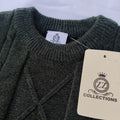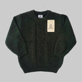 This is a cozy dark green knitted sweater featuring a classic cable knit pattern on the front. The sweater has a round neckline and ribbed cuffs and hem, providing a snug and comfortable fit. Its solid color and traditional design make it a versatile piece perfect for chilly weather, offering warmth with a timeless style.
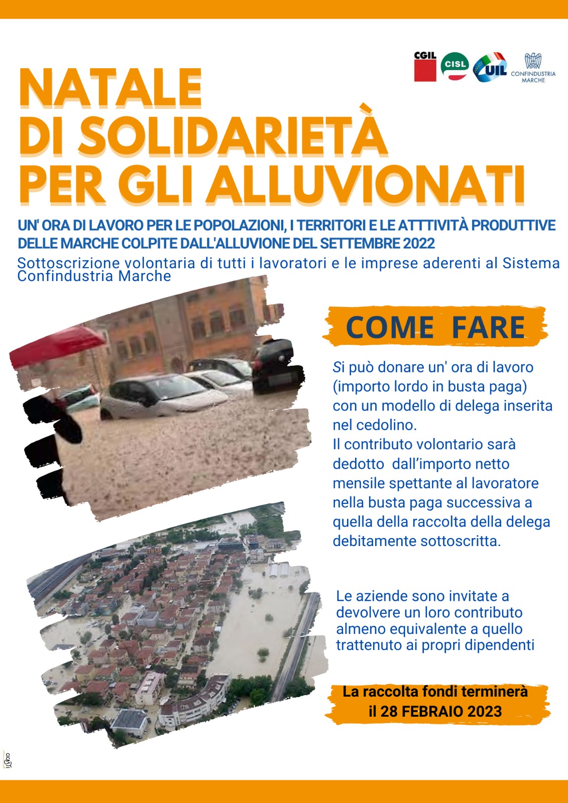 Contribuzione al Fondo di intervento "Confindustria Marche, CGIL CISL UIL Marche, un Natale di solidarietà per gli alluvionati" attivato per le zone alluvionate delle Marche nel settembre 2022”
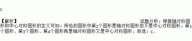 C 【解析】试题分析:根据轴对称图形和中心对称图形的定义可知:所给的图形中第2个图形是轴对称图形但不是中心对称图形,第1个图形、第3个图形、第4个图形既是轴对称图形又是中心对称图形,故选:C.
#####
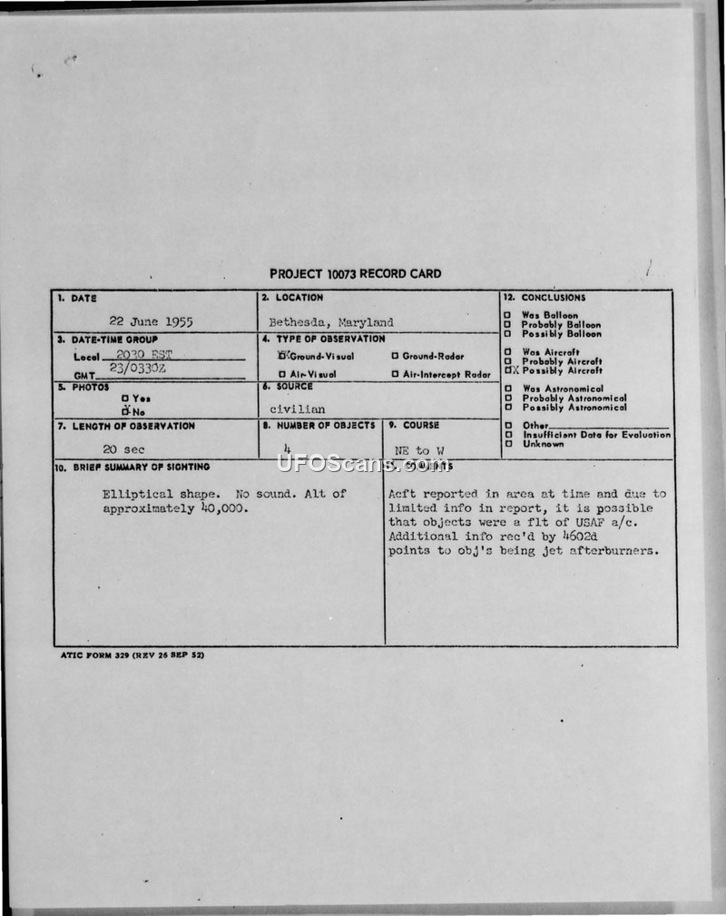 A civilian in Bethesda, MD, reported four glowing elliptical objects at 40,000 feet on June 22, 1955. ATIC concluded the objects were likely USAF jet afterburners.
#####
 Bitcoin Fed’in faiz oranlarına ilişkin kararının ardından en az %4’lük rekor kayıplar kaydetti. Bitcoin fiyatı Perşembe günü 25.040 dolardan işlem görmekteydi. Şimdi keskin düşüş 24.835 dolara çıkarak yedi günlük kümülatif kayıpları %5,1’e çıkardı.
#####
What are the lines above from the one with "This is a cozy" to the one with "C 【解析】试题分析:根据轴", both included? Reproduce them exactly, without pictures.

 This is a cozy dark green knitted sweater featuring a classic cable knit pattern on the front. The sweater has a round neckline and ribbed cuffs and hem, providing a snug and comfortable fit. Its solid color and traditional design make it a versatile piece perfect for chilly weather, offering warmth with a timeless style.
 Contribuzione al Fondo di intervento "Confindustria Marche, CGIL CISL UIL Marche, un Natale di solidarietà per gli alluvionati" attivato per le zone alluvionate delle Marche nel settembre 2022”
 C 【解析】试题分析:根据轴对称图形和中心对称图形的定义可知:所给的图形中第2个图形是轴对称图形但不是中心对称图形,第1个图形、第3个图形、第4个图形既是轴对称图形又是中心对称图形,故选:C.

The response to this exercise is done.